# Blushes for NC42



## Undercover (Sep 21, 2009)

Hi!

I'm an NC42 and am looking for a recommendations on blushes. I want a perfect daily natural looking blush but any suggestions on other recommendations for my skin tone (or what anyone with my skin tone loves) would be really appreciated!

What I'm hoping to find:

1. Everyday natural matte blush
2. Everyday natural blush that has shimmer in it
3. Natural creme blush
4. Any blush that you guys love and suggest I should try that will go w/ my skin tone

Additionally, although we're all Mac lovers here... in general do you guys prefer/recommend Nars Blushes over Mac?
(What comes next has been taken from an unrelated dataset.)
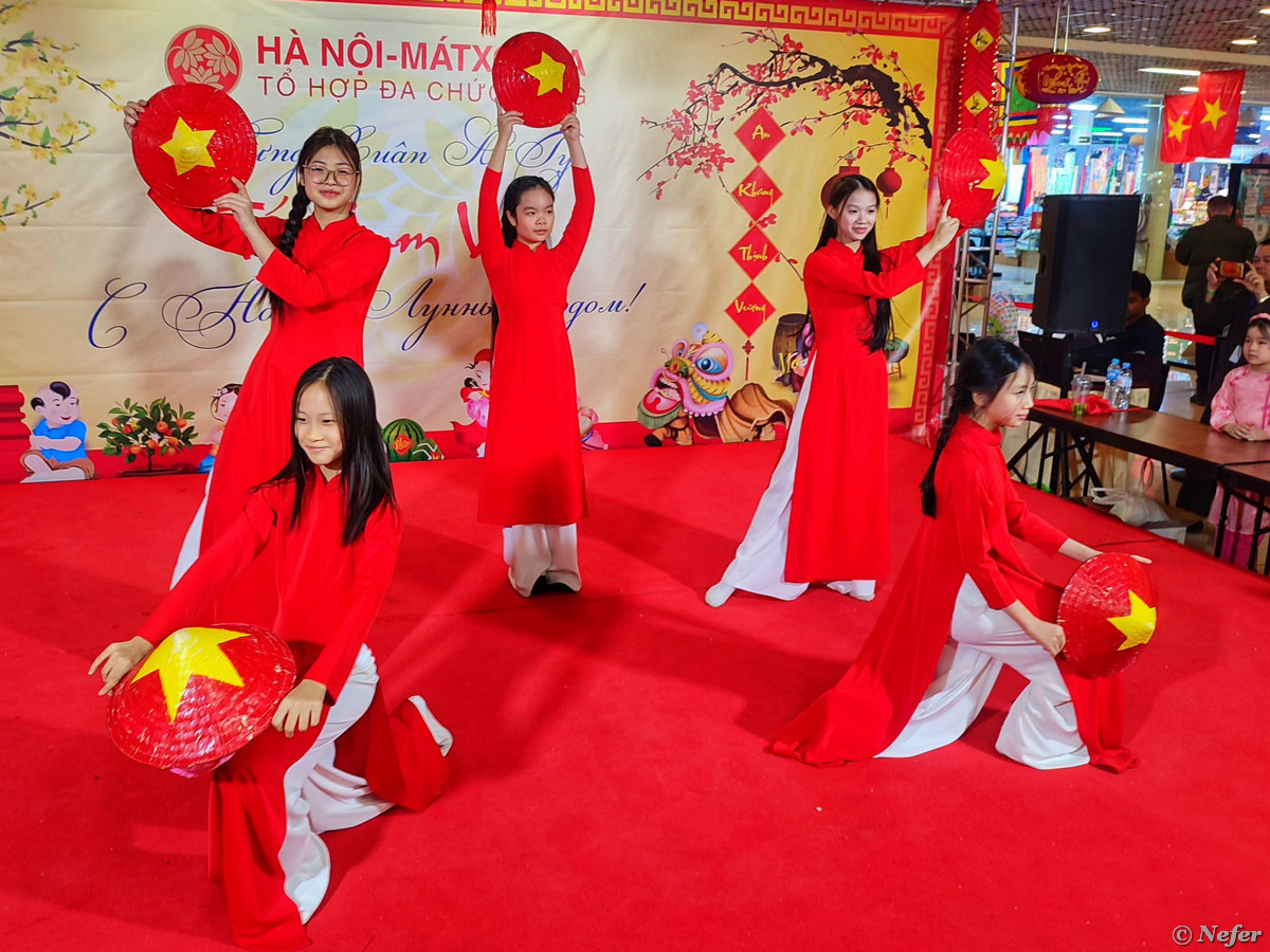 Вьетнамцы отмечают Новый год про лунному календарю. Дата почти всегда совпадает с китайским Новым годом, хотя бывают исключения. Вьетнамский Новый год называется Тэт Нгуен Дан, дословно Праздник первого утра. Но сокращенно говорят Тэт. В Москве праздник проводится в комплексе "Ханой-Москва". Танец льва, выступление школы вьетнамского боевого искусства, музыкальные номера и всякие викторины. Раньше праздники вел другой ведущий, в этот раз новый дядечка с зычным голосом. Я только пришла и догуляла до сцены, чтобы посмотреть, что там происходит. Сходу выиграла приз - мешочек конфет. Это была викторина "Я люблю Вьетнам". Вопросы несложные, но все-таки надо быть хоть немножко в теме. В мешочке оказались мини-конфетки "Забегай на чай" кондитерской фабрики "АтАг". Вкусные. Я таких раньше не пробовала. Спасибо, очень приятно :) Вопрос звучал так: одна из традиций праздника Тэт - танец льва. На каком еще празднике можно его увидеть? Конечно, на празднике середины осени, он же праздник Полной лу

Quality, pigmentation, for creame blushes etc... And if so, any Nars recommendations on any of the four topics above? 

THANKS!


----------



## iluvmac (Sep 21, 2009)

My suggestions (all Mac):
1. Prism
2. Sunbasque or Peachtwist
3. Ladyblush
4. Melba (peach), Dollymix (bright pink)

Hope that helped!


----------



## cocodivatime (Sep 21, 2009)

I will co-sign on Prism for a natural matte blush.  Very pretty


----------



## MizzVivaGlam (Sep 21, 2009)

Sunbasque or Peachtwist for pretty shimmer
Dollymix is a beautiful pink
Blunt for a contour
Peaches Or Melba for everyday


----------



## jenixxx (Sep 22, 2009)

I love Sincerely and Gingerly


----------



## j4lyphe (Sep 23, 2009)

I would say NARS Torrid (peachy pink with fine shimmer), Outlaw, Desire, Mata Hari, Taos, Gina, Gilda, Lovejoy...I think with ur complexion u could wear almost any colour
	

	
	
		
		

		
		
	


	




 Just go to Sephora and try them on and see which ones u like, also u can check out the Beauty of Color forum...they have tons of posts about blushes for ur skintone


----------